#### SUPPLIED MATERIAL ####

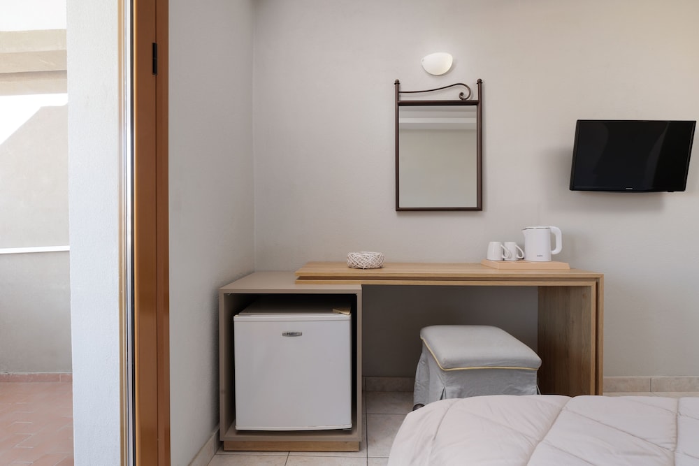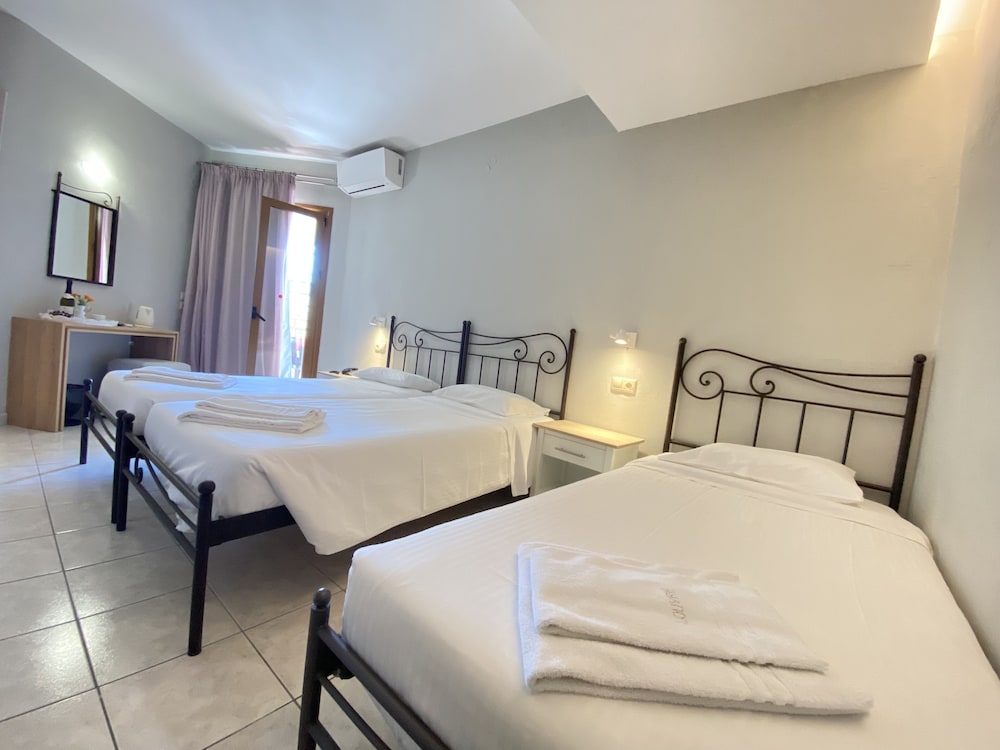 The hotel is surrounded by lush evergreen gardens and is located just 150 m. from the beach of Gouvia, near the old Venetian shipyards.Originally built in 1986, the hotel was renovated in 1996 and is a peaceful, well-maintained, family-run business with a friendly atmosphere and excellent service, offering a relaxing and carefree holiday. It comprises a total of 25 guest rooms. It offers an entrance hall with reception, a restaurant, a bar, a snack bar, an automatic telephone operator, safety deposit boxes and currency exchange. There is also a terrace, a lounge with TV, central heating and free private parking. Room service is also available.The comfortable heated rooms come with private bathroom, direct dial telephone line and pool or village view balconies. They also feature individually adjustable air conditioning and central heating. Extra beds and baby cots are available.There is an outdoor swimming pool, complete with sun loungers, parasols, freshwater showers and a poolside snack bar.
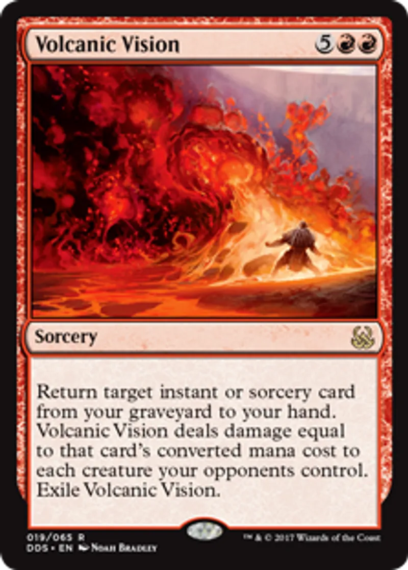 | Oracle Text | Return target instant or sorcery card from your graveyard to your hand. Volcanic Vision deals damage equal to that card's converted mana cost to each creature your opponents control. Exile Volcanic Vision. | ||
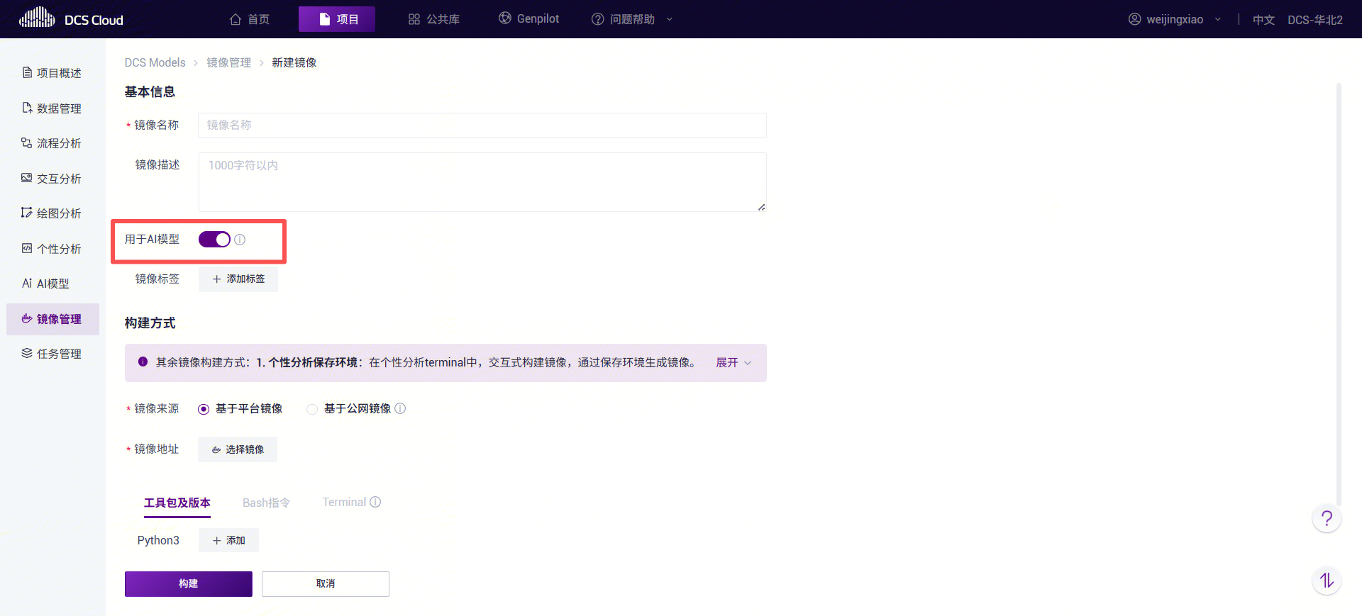用于模型部署的镜像,构建时需要将“用于 AI 模型”开关打开。
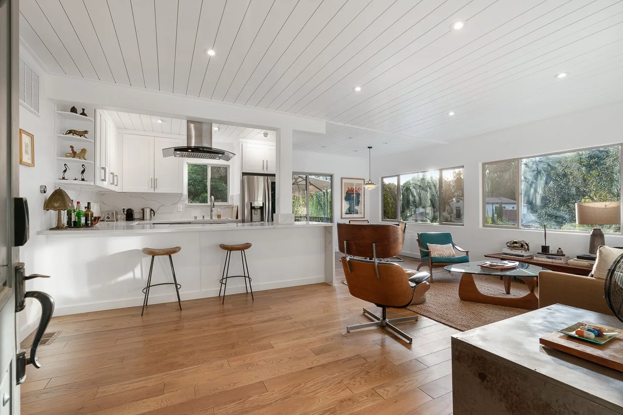 At the top of coveted Beachwood Canyon. The view of the Hollywood sign is unparalleled as the home is situated right under the famous landmark, which is visible from a charming gazebo and sitting area in the garden. The home is elevated from the street, making the views even more incredible and very private, as most windows look out onto the terraced garden surrounding the house. There is a covered dining deck off of the kitchen with a table and seating, making al fresco dining a dream. The trailhead and hike to the Hollywood sign in Griffith Park are about two blocks away. The house is beautifully and tastefully furnished in a midcentury modern style. The entire house was recently renovated, so all cabinets, bathrooms, paint, and some appliances are brand new. The second bedroom is set up as a wonderful office, but offers a convertible sofa bed, should you require a 2nd sleeping quarter. Washer and Dryer are inside the house. Below is an attached garage with electronic opener. The terraced garden is planted with a wide variety of plants and trees, and has full automatic landscape lighting. Gardener included. Apartment comes completely furnished with mid-century-style designer furnishings.
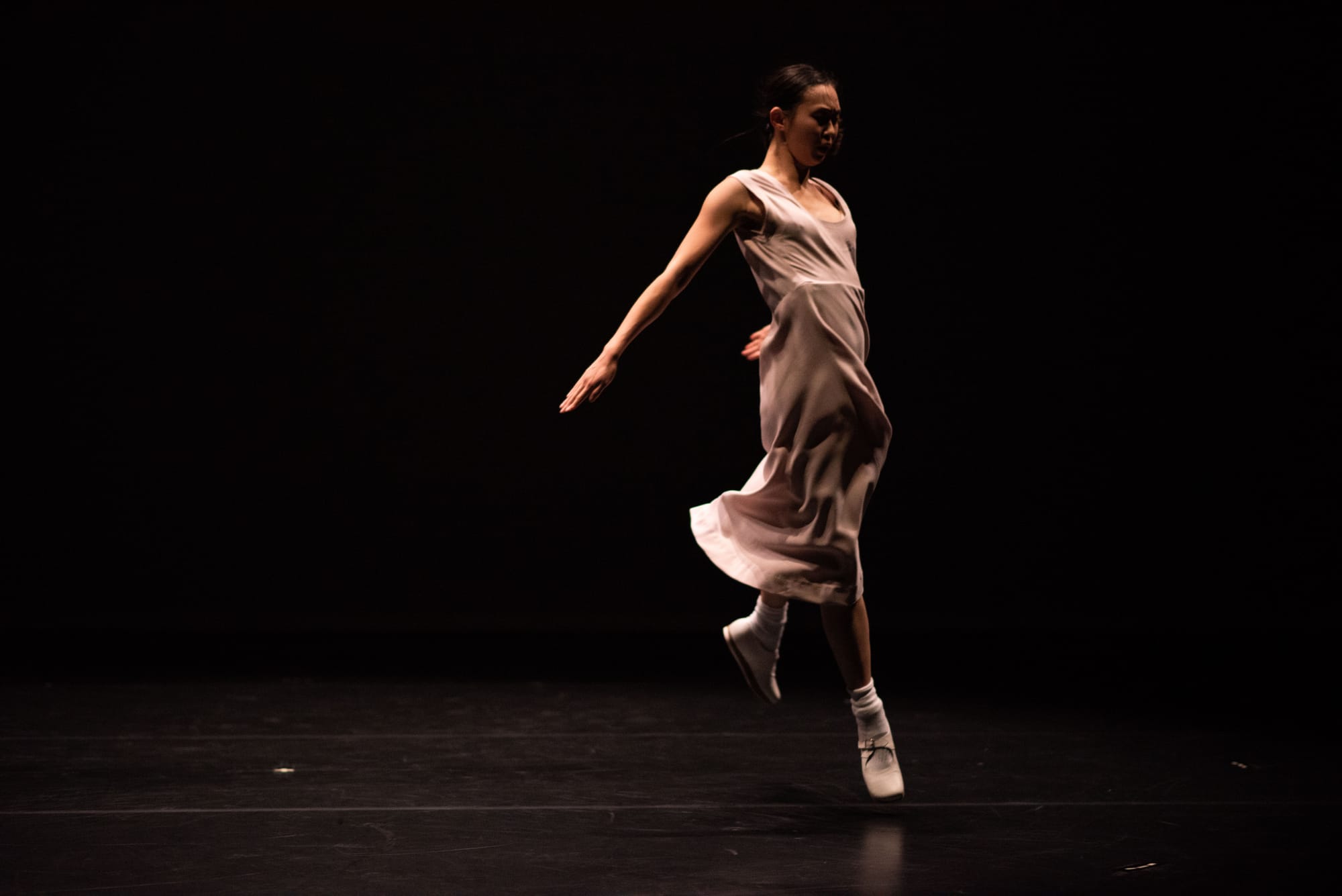 The third movement “Violin Phase,” has always been de Keers- maeker’s solo. As the choreo- grapher’s doppelgänger, Hashimoto twisted in crisp half turns, her arms bent around her waist, and her round white skirt whipping back and forth. This time, the repetitive movements built a new geometry and flow, again echoing Reich’s score. In a pattern that could also be imagined as if seen from above, Hashimoto moved in a wide circle around the stage, then cut the space into quarters, then eighths, by the shift of her movement – quick, sharp hops and arms raised above her head in repeated variations built around the pie wedges she drew with her body. Like the duets, this solo was driven not just by the violin patterns, but by momentum and will.
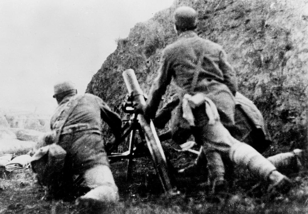 资料照片:1940年秋,八路军在华北地区先后集中了100多个团,对日本侵略军进行战略性进攻和反“扫荡”作战,沉重地打击了入侵之敌,打响了著名的“百团大战”。图为我军炮击敌碉堡。 新华社发
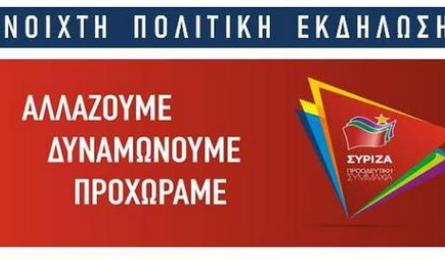 Ανοιχτή συνέλευση της Ο.Μ. ΣΥΡΙΖΑ Ρεθύμνου με Α. Ξανθό και Θ. Δουλουμπέκη Η Οργάνωση Μελών ΣΥΡΙΖΑ Πόλης Ρεθύμνου πραγματοποιεί την Παρασκευή 4 Οκτωβρίου και ώρα 7:30 μμ στην αίθουσα του Εργατικού Κέντρου Ρεθύμνου ανοιχτή... 03.10.2019 13:25
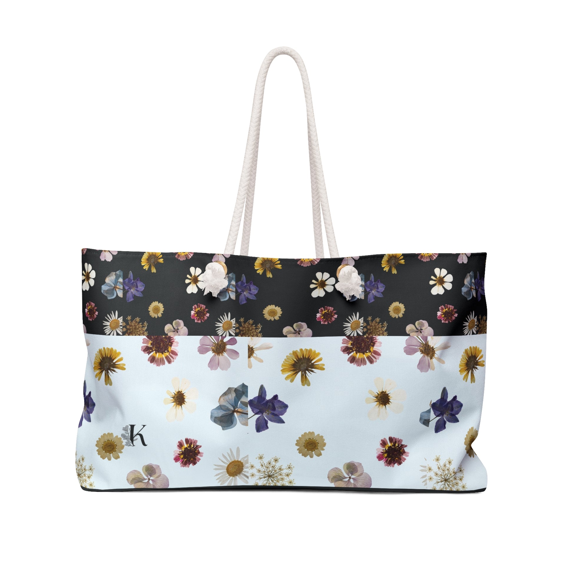 Our oversized Weekender Tote is perfect for your weekend at the beach or in town. The wide-mouthed, durable bag holds a generous amount of personal items and is easily held by its thick rope handles.
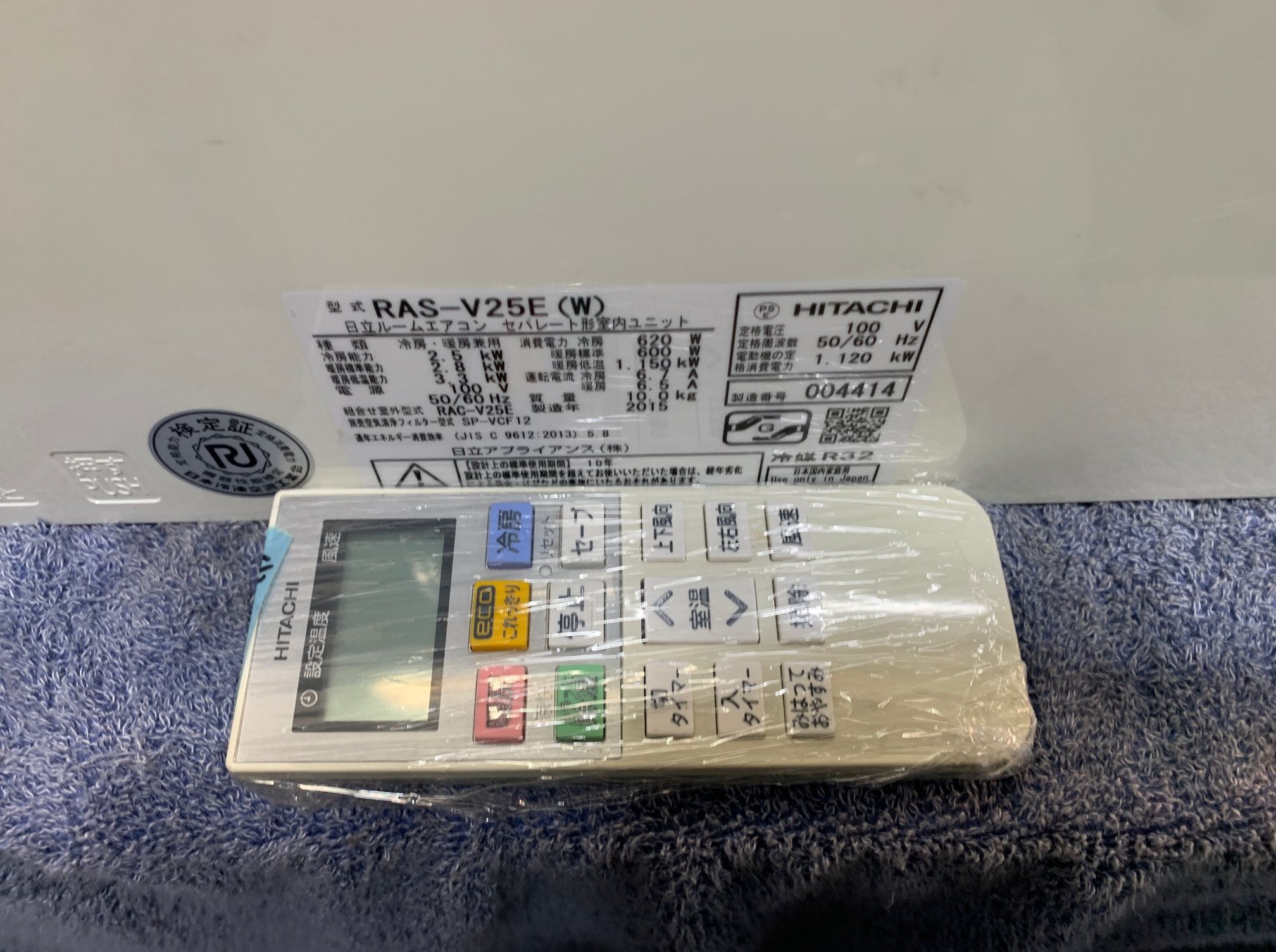 2.5KW冷暖エアコン 2015年製 日立 35,000円(38,500円税込)RAS-V25E ☆ステレス白くまくん 自動フィルターお掃除機能<ム⇒リ>

####

§ **REQUIRED WORK**
Line for line, restate the data above and omit every picture.

§ **ANSWER SPACE**
 The hotel is surrounded by lush evergreen gardens and is located just 150 m. from the beach of Gouvia, near the old Venetian shipyards.Originally built in 1986, the hotel was renovated in 1996 and is a peaceful, well-maintained, family-run business with a friendly atmosphere and excellent service, offering a relaxing and carefree holiday. It comprises a total of 25 guest rooms. It offers an entrance hall with reception, a restaurant, a bar, a snack bar, an automatic telephone operator, safety deposit boxes and currency exchange. There is also a terrace, a lounge with TV, central heating and free private parking. Room service is also available.The comfortable heated rooms come with private bathroom, direct dial telephone line and pool or village view balconies. They also feature individually adjustable air conditioning and central heating. Extra beds and baby cots are available.There is an outdoor swimming pool, complete with sun loungers, parasols, freshwater showers and a poolside snack bar.
 | Oracle Text | Return target instant or sorcery card from your graveyard to your hand. Volcanic Vision deals damage equal to that card's converted mana cost to each creature your opponents control. Exile Volcanic Vision. | ||
用于模型部署的镜像,构建时需要将“用于 AI 模型”开关打开。
 At the top of coveted Beachwood Canyon. The view of the Hollywood sign is unparalleled as the home is situated right under the famous landmark, which is visible from a charming gazebo and sitting area in the garden. The home is elevated from the street, making the views even more incredible and very private, as most windows look out onto the terraced garden surrounding the house. There is a covered dining deck off of the kitchen with a table and seating, making al fresco dining a dream. The trailhead and hike to the Hollywood sign in Griffith Park are about two blocks away. The house is beautifully and tastefully furnished in a midcentury modern style. The entire house was recently renovated, so all cabinets, bathrooms, paint, and some appliances are brand new. The second bedroom is set up as a wonderful office, but offers a convertible sofa bed, should you require a 2nd sleeping quarter. Washer and Dryer are inside the house. Below is an attached garage with electronic opener. The terraced garden is planted with a wide variety of plants and trees, and has full automatic landscape lighting. Gardener included. Apartment comes completely furnished with mid-century-style designer furnishings.
 The third movement “Violin Phase,” has always been de Keers- maeker’s solo. As the choreo- grapher’s doppelgänger, Hashimoto twisted in crisp half turns, her arms bent around her waist, and her round white skirt whipping back and forth. This time, the repetitive movements built a new geometry and flow, again echoing Reich’s score. In a pattern that could also be imagined as if seen from above, Hashimoto moved in a wide circle around the stage, then cut the space into quarters, then eighths, by the shift of her movement – quick, sharp hops and arms raised above her head in repeated variations built around the pie wedges she drew with her body. Like the duets, this solo was driven not just by the violin patterns, but by momentum and will.
 资料照片:1940年秋,八路军在华北地区先后集中了100多个团,对日本侵略军进行战略性进攻和反“扫荡”作战,沉重地打击了入侵之敌,打响了著名的“百团大战”。图为我军炮击敌碉堡。 新华社发
 Ανοιχτή συνέλευση της Ο.Μ. ΣΥΡΙΖΑ Ρεθύμνου με Α. Ξανθό και Θ. Δουλουμπέκη Η Οργάνωση Μελών ΣΥΡΙΖΑ Πόλης Ρεθύμνου πραγματοποιεί την Παρασκευή 4 Οκτωβρίου και ώρα 7:30 μμ στην αίθουσα του Εργατικού Κέντρου Ρεθύμνου ανοιχτή... 03.10.2019 13:25
 Our oversized Weekender Tote is perfect for your weekend at the beach or in town. The wide-mouthed, durable bag holds a generous amount of personal items and is easily held by its thick rope handles.
 2.5KW冷暖エアコン 2015年製 日立 35,000円(38,500円税込)RAS-V25E ☆ステレス白くまくん 自動フィルターお掃除機能<ム⇒リ>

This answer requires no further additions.